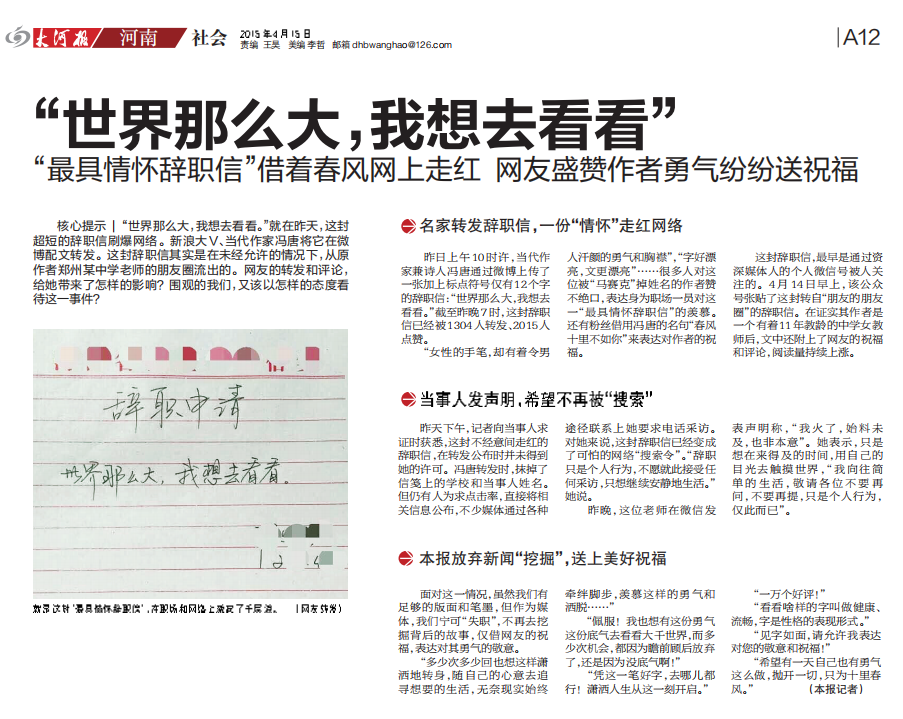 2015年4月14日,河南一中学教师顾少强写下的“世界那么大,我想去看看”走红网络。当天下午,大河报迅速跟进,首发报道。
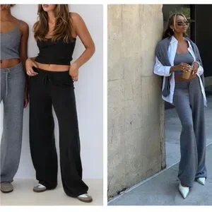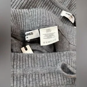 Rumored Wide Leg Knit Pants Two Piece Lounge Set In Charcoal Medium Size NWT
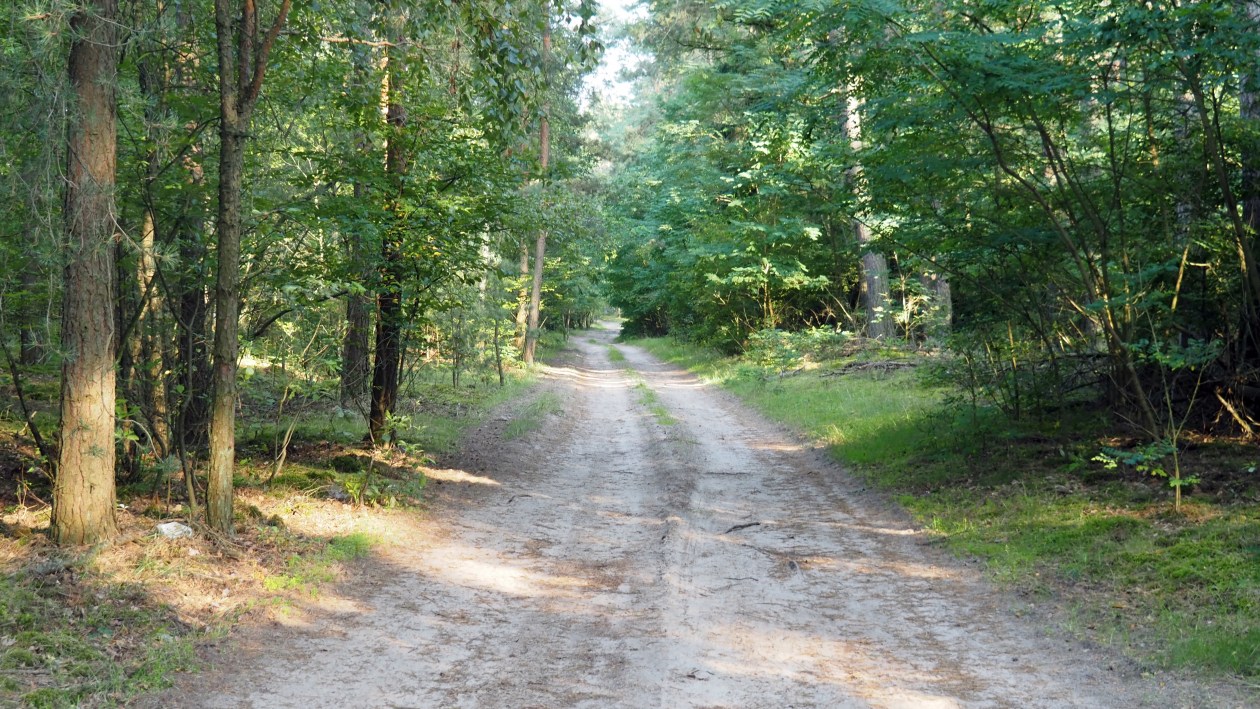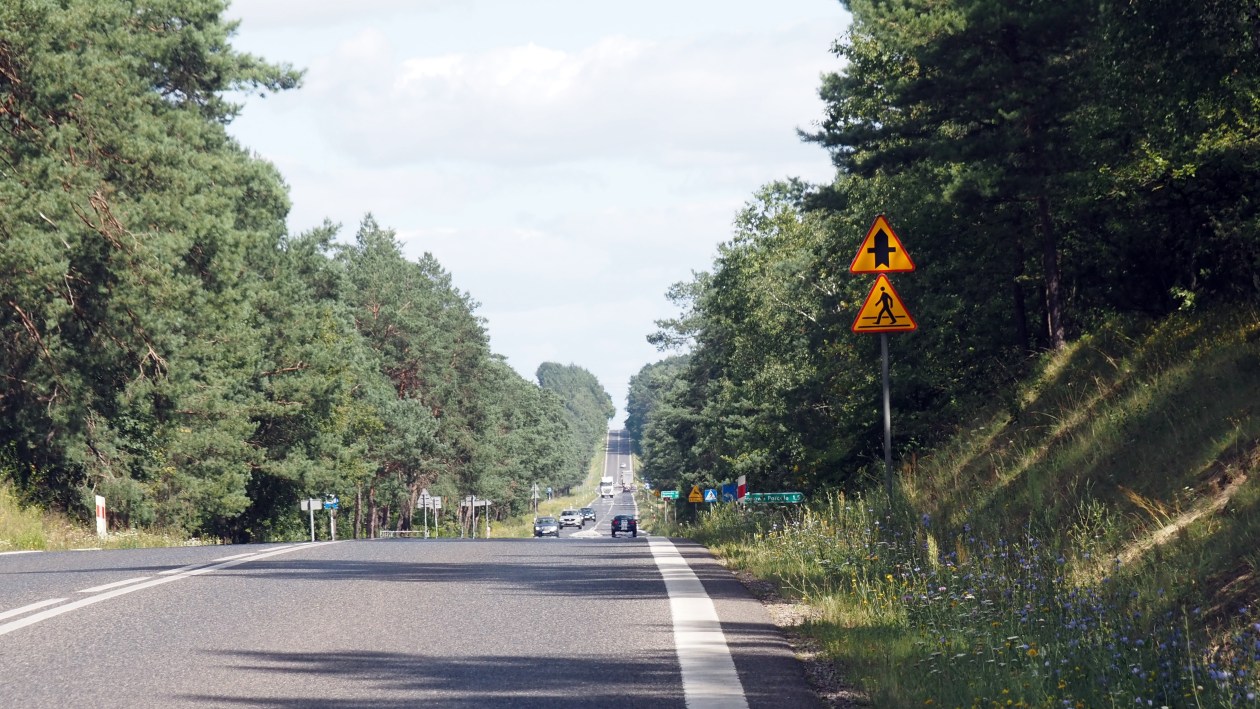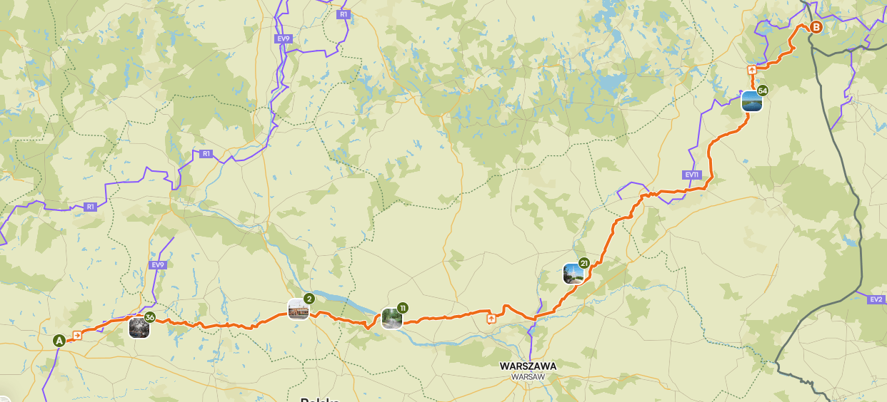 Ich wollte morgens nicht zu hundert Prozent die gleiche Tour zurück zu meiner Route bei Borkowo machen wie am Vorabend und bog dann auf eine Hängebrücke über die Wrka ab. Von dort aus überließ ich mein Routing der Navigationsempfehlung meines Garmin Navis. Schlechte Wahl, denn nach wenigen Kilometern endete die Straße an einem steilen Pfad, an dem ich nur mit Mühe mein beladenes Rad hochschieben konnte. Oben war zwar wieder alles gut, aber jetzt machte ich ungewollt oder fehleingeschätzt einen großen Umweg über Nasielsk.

--

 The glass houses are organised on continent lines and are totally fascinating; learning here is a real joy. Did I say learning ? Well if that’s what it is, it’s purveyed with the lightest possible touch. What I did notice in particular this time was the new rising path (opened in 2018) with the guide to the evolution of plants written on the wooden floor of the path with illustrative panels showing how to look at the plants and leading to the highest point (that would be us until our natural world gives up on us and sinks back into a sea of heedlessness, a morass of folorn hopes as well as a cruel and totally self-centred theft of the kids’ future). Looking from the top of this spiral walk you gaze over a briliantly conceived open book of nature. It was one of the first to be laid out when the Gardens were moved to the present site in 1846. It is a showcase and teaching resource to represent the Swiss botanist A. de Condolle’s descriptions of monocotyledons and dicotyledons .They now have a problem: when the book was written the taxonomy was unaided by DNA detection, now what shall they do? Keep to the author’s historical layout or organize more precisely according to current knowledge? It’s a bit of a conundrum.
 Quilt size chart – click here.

• Exercise description
Looking at the listing above, which lines run from the one containing "2015年4月14日,河南一" through the one containing "Ich wollte morgens"? Print exactly those, ends included, pictures excluded.

• Output of the exercise
 2015年4月14日,河南一中学教师顾少强写下的“世界那么大,我想去看看”走红网络。当天下午,大河报迅速跟进,首发报道。
 Rumored Wide Leg Knit Pants Two Piece Lounge Set In Charcoal Medium Size NWT
 Ich wollte morgens nicht zu hundert Prozent die gleiche Tour zurück zu meiner Route bei Borkowo machen wie am Vorabend und bog dann auf eine Hängebrücke über die Wrka ab. Von dort aus überließ ich mein Routing der Navigationsempfehlung meines Garmin Navis. Schlechte Wahl, denn nach wenigen Kilometern endete die Straße an einem steilen Pfad, an dem ich nur mit Mühe mein beladenes Rad hochschieben konnte. Oben war zwar wieder alles gut, aber jetzt machte ich ungewollt oder fehleingeschätzt einen großen Umweg über Nasielsk.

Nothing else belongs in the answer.